# Alternatives to MS Office



## officerripley (Oct 27, 2022)

Okay, so I've got an ancient (2003!) version of MS Office on both computers and have heard that having an app that old can cause security probs. So after a quick look at how much an even just slightly newer version of MS Office costs these days (and for just one device, yowzer!  ), I started thinking about alternatives. Here are 2 I've heard good things about: https://openoffice.en.softonic.com/...MIysHLloWB-wIV0Q2tBh120QsMEAAYASAAEgI1IPD_BwE. And: https://libreoffice.en.softonic.com/. 

Anybody else use either of these alternatives or know of one maybe better? I only need to do new word processing documents, read and edit old MS Word documents, and maybe do a new spreadsheet once in a while. Oh, and I'd love it if whatever word proc. program I get will let me add fonts to it from sites like fontspace.com, etc. I messaged fontspace.com & asked them but haven't heard back yet. I also posted that question on the page where Amazon sells the CD for OpenOffice but never got an answer.

Thanks for any advice.


----------



## JaniceM (Oct 27, 2022)

officerripley said:


> Okay, so I've got an ancient (2003!) version of MS Office on both computers and have heard that having an app that old can cause security probs. So after a quick look at how much MS Office costs these days (and for just one device, yowzer!  ), I started thinking about alternatives. Here's one I've heard good things about:


Did you forget to add the link??


----------



## Farrah Nuff (Oct 27, 2022)

You might try one or some of these alternatives


----------



## Nathan (Oct 27, 2022)

Libreoffice, a 'fork' from OpenOffice: https://www.libreoffice.org/discover/libreoffice/

Fully functional, no need for Microsoft and their endless _strings attached_.


----------



## NorthernLight (Oct 27, 2022)

Some years ago, when I was an editor, I tried Open Office. For the work I was doing, it was NOT an adequate alternative to MS Word. 

It might be better now. 

If you're just doing things for yourself (not exchanging documents with others for revisions and comments), it's probably fine.

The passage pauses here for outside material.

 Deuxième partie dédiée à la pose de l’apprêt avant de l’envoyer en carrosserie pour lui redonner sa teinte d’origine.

Don't know about importing fonts.


----------



## officerripley (Oct 27, 2022)

Great info, all, thanks! Including some other things I've read, looks like LibreOffice might be the best. I wonder, though: when it says that it's compatible with MS Word, does that mean I'll be able to install Libre on my machine, uninstall MS Word, but still be able to read *and edit* old MS Word documents (including one MS Word doc that's 55 pages long & growing)?


----------



## JaniceM (Oct 27, 2022)

Nathan said:


> Libreoffice, a 'fork' from OpenOffice: https://www.libreoffice.org/discover/libreoffice/
> 
> Fully functional, no need for Microsoft and their endless _strings attached_.

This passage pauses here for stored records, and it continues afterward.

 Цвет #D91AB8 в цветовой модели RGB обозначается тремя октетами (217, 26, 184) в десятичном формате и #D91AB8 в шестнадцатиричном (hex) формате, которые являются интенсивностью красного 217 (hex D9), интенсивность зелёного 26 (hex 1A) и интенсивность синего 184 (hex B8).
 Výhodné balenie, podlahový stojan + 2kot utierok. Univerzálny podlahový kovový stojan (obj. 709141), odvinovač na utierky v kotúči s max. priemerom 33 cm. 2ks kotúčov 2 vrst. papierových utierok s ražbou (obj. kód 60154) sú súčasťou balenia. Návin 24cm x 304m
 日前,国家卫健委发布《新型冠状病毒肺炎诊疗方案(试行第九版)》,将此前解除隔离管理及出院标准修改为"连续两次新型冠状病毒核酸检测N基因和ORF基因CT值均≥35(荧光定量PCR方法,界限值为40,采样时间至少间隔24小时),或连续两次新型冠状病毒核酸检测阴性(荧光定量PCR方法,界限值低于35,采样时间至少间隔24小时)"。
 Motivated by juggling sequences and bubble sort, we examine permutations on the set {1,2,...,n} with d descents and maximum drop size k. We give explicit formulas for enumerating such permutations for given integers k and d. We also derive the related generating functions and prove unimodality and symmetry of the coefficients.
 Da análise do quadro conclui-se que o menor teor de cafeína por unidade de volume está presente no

That's what I have, too.  
I was required to have MS Word years ago, didn't like it.


----------



## NorthernLight (Oct 27, 2022)

officerripley said:


> Great info, all, thanks! Including some other things I've read, looks like LibreOffice might be the best. I wonder, though: when it says that it's compatible with MS Word, does that mean I'll be able to install Libre on my machine, uninstall MS Word, but still be able to read *and edit* old MS Word documents?


Yes, you should be able to.


----------



## Chet (Oct 27, 2022)

For what little I do, I use Google Docs and Sheets.


----------



## Nathan (Oct 27, 2022)

@Chet, Google Docs and Sheets!  Very handy, I use Docs daily, can create or edit a doc on my desktop then use it on my cell phone or any other computer.   Another useful Google app is Google's Keep . It may seem _involved,_ but a lot of times when I want to send a lengthy text, or a web link I'll type(copy&paste) into a Keep note, then from my phone access my Keep note and copy/paste into a text message.


----------



## Paco Dennis (Oct 27, 2022)

Nathan said:


> Libreoffice, a 'fork' from OpenOffice: https://www.libreoffice.org/discover/libreoffice/
> 
> Fully functional, no need for Microsoft and their endless _strings attached_.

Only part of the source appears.